Plus que tous ces facteurs, c’est le sud du Yémen qui pose problème au royaume saoudien. En effet, le soutien que les Emirats Arabes Unis apportent aux séparatistes d’Aden, en plus de dégrader la situation militaire, fait exploser la coalition. Les Etats ayant peu d’intérêt dans la guerre (tel que le Soudan, le Maroc ou l’Egypte) se retirent progressivement de la coalition. Sous la pression occidentale, et consciente des très faibles chances de percés en zone zaydite, l’Arabie Saoudite est contrainte d’adopter une position défensive face aux Houthis, trop affaiblis de toute façon pour pouvoir réellement contre-attaquer. Elle est prise de court face au développement de la situation au Sud, et doit recentrer dans l’urgence ses efforts face aux séparatistes d’Aden soutenus par ses anciens alliés, et face aux groupes terroristes, notamment AQPA et l’Etat Islamique. Ce scénario serait un camouflet de plus pour la diplomatie saoudienne. Les Houthis, contrôlant un Yemen du Nord indépendant de facto, pourraient refuser tout compromis et exiger l’indépendance de leur Etat, indépendance qui cependant ne pourrait être reconnue qu’après de nombreuses années.

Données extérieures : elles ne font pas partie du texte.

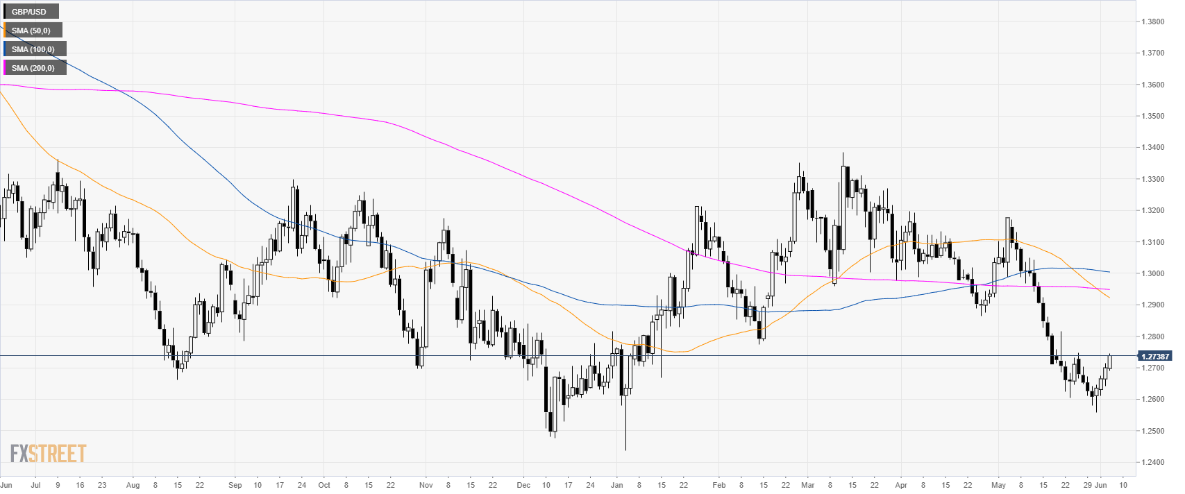 GBP/USD is currently up for the fourth consecutive day as the market is trading below its main simple moving averages (SMAs).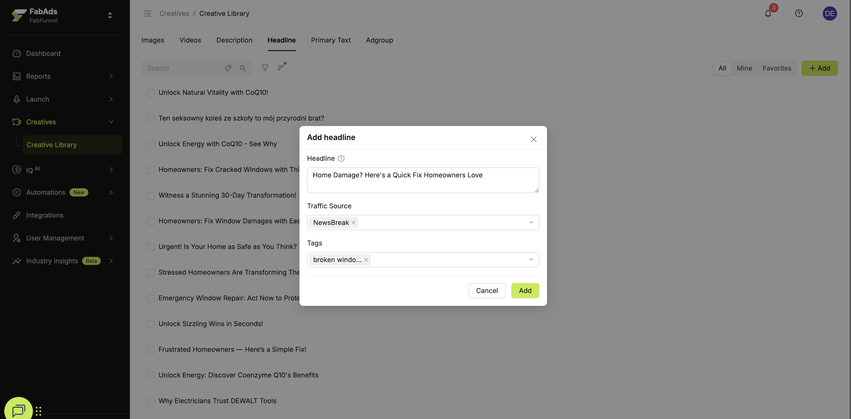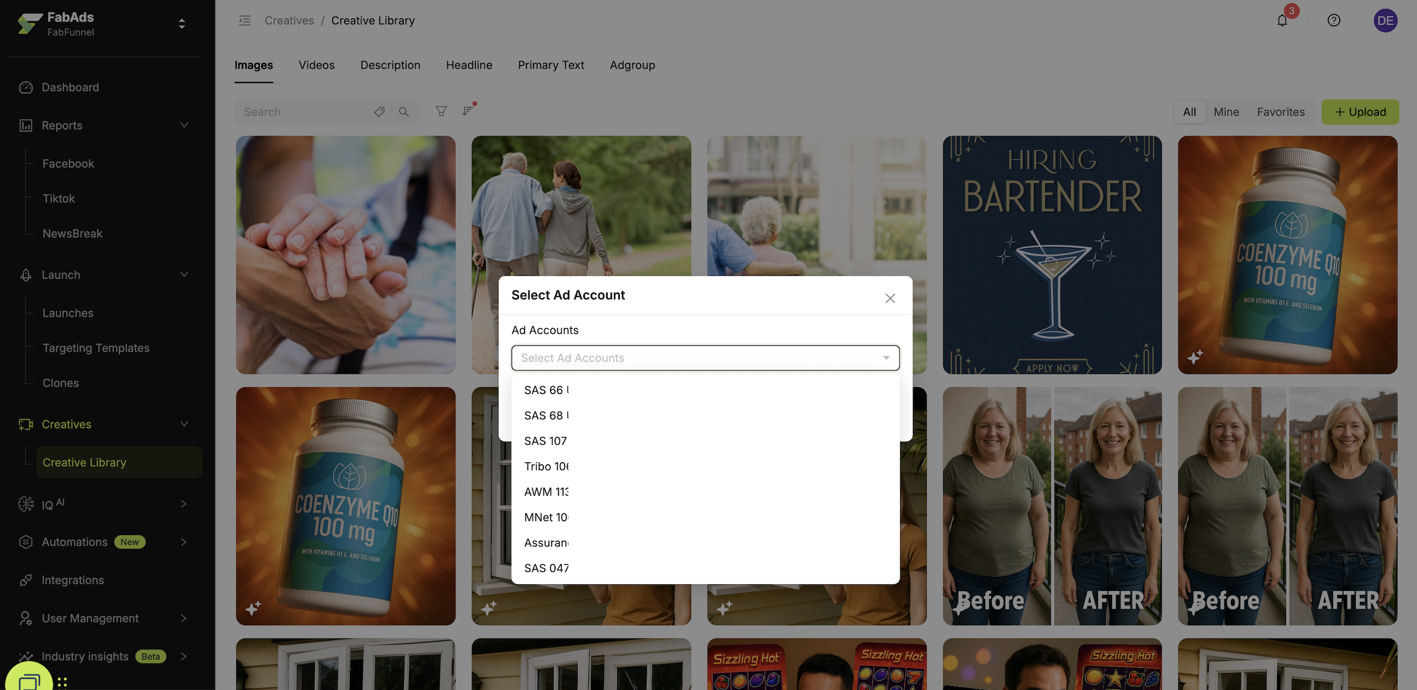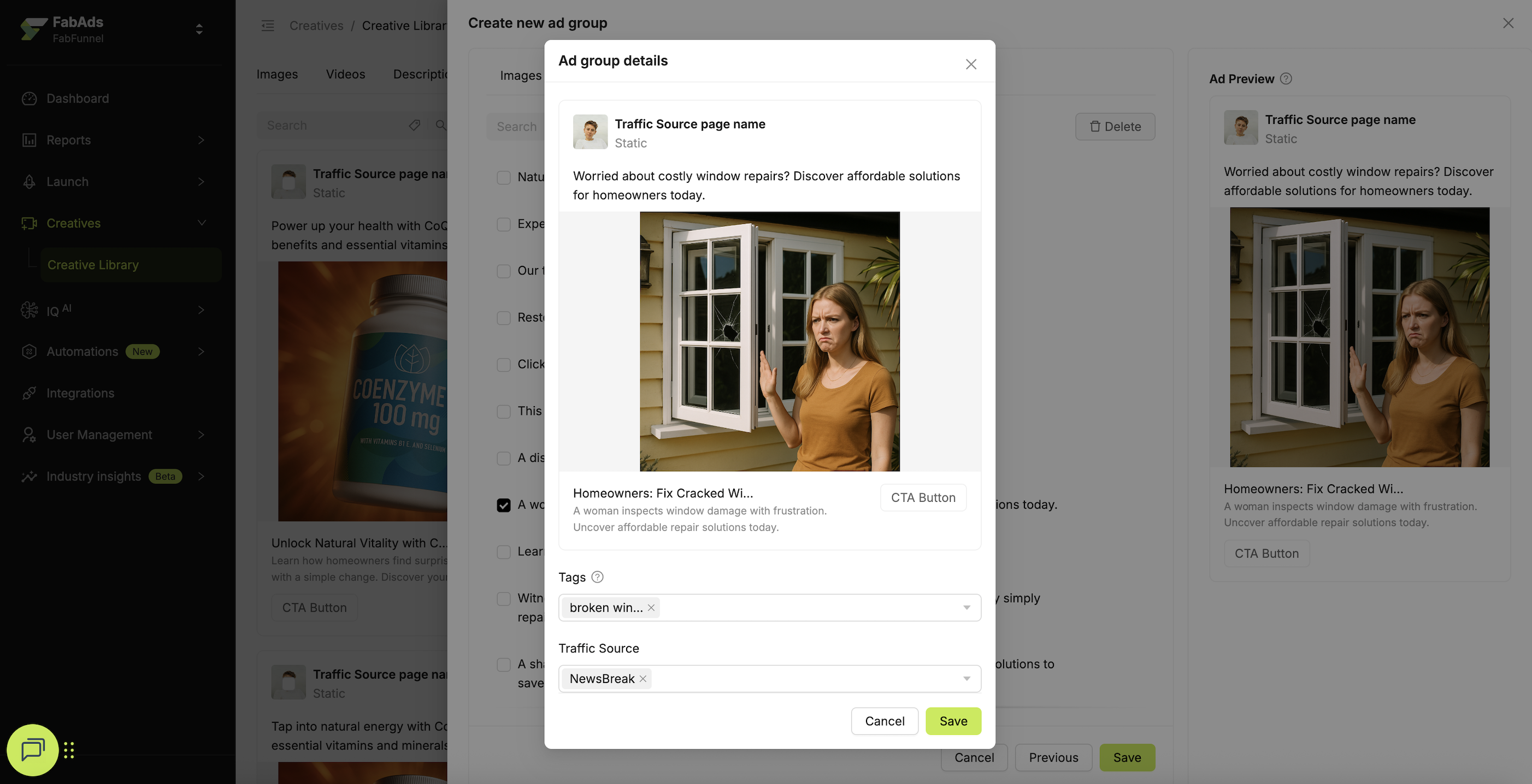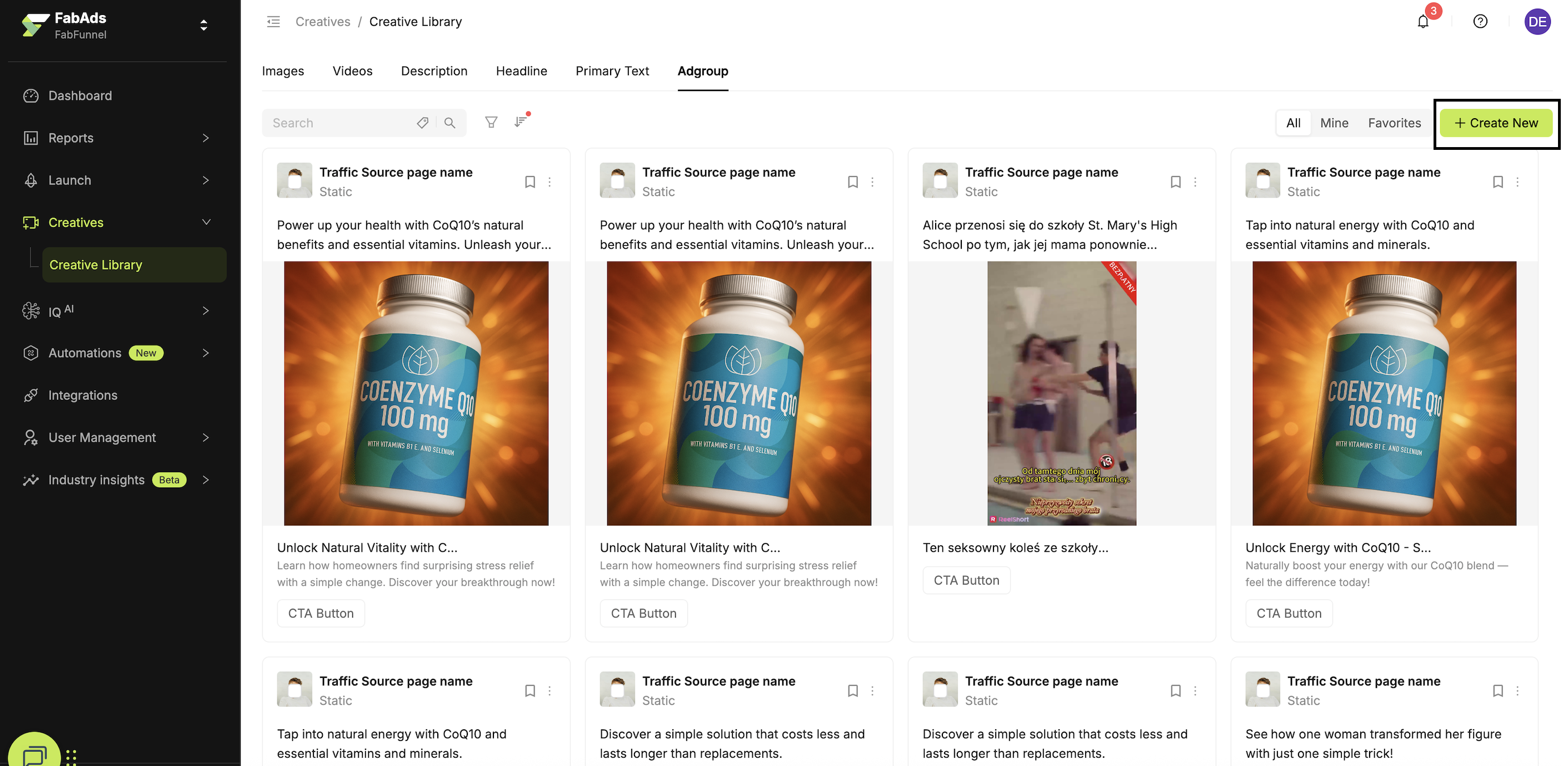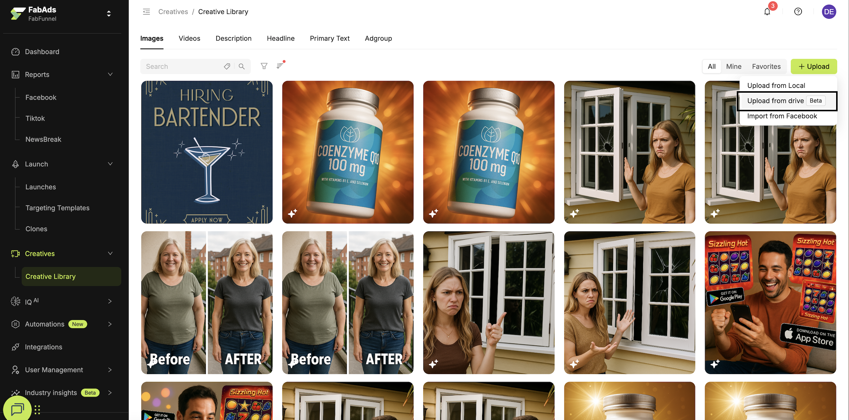 FabFunnel’s Creative Library centralizes management of images, videos, headlines, text, and adgroups. You can upload creatives from multiple sources, tag them for easy organization, and assemble complete adgroups.

Similaire au précèdent scénario, un gel du conflit subit par les Saoudiens repose presque sur les mêmes hypothèses : résistance opiniâtre des Houthis, et prise de conscience par l’Arabie Saoudite que l’occupation du Yémen du Nord n’est ni réalisable ni souhaitable. Cependant, dans ce scénario, la fin du soutien occidental et la dégradation de la situation au sud prennent de court l’Arabie Saoudite. Or, certains membres de la coalition soutiennent des acteurs opposés au Yémen. En effet, les Emirats Arabes Unis se rapprochent des séparatistes d’Aden. De plus, des Etats occidentaux comme le Canada ont d’ailleurs stoppé la livraison d’armes à l’Arabie Saoudite, et l’instabilité de la diplomatie Américaine sous Donald Trump pourrait bien se retourner une fois de plus contre l’Arabie Saoudite. Tous ces facteurs pourraient dégénérer et porter lourdement préjudice à l’Arabie Saoudite, qui serait alors contrainte de relâcher la pression contre les Houthis afin de régler la situation au Sud avant qu’elle ne devienne incontrôlable. Conscients des difficultés de l’Arabie Saoudite, les objectifs des Houthis sont peut-être de garder un contrôle sur la côte avant un gel du conflit qui semble inévitable.

 

Conclusion

Ainsi, que le conflit s’oriente en 2019 vers une impossible victoire saoudienne ou vers un probable gel du conflit sur des frontières similaires à celles d’aujourd’hui, une paix claire et durable est inenvisageable à court ou moyen terme au Yémen. L’antagonisme Nord/Sud est vraisemblablement insurmontable, et une forme de retour à l’indépendance du Nord semble inévitable. Elle passera probablement par une indépendance de facto à court et moyen terme, résultant d’un gel du conflit par épuisement des belligérants. Les frontières de ce nouvel Etat, son hypothétique accès à la mer et son futur statut dépendront principalement des succès potentiels saoudiens de cette année. Le royaume wahhabite, bien que confronté à une révolte houthi affaiblie, voit ses succès cependant conditionnés à l’évolution de la situation au sud et aux aléas de la diplomatie occidentale. Les Saoudiens devront probablement engranger des succès rapidement, s’ils veulent obtenir un gel du conflit qui leur soit favorable. Ils ne peuvent guère espérer mieux, tant une conquête du Nord semble inatteignable et ingérable par la suite. Très vraisemblablement, l’effort saoudien se déplacera à moyen terme vers le sud, et sera tourné vers la recherche d’une sortie de crise honorable.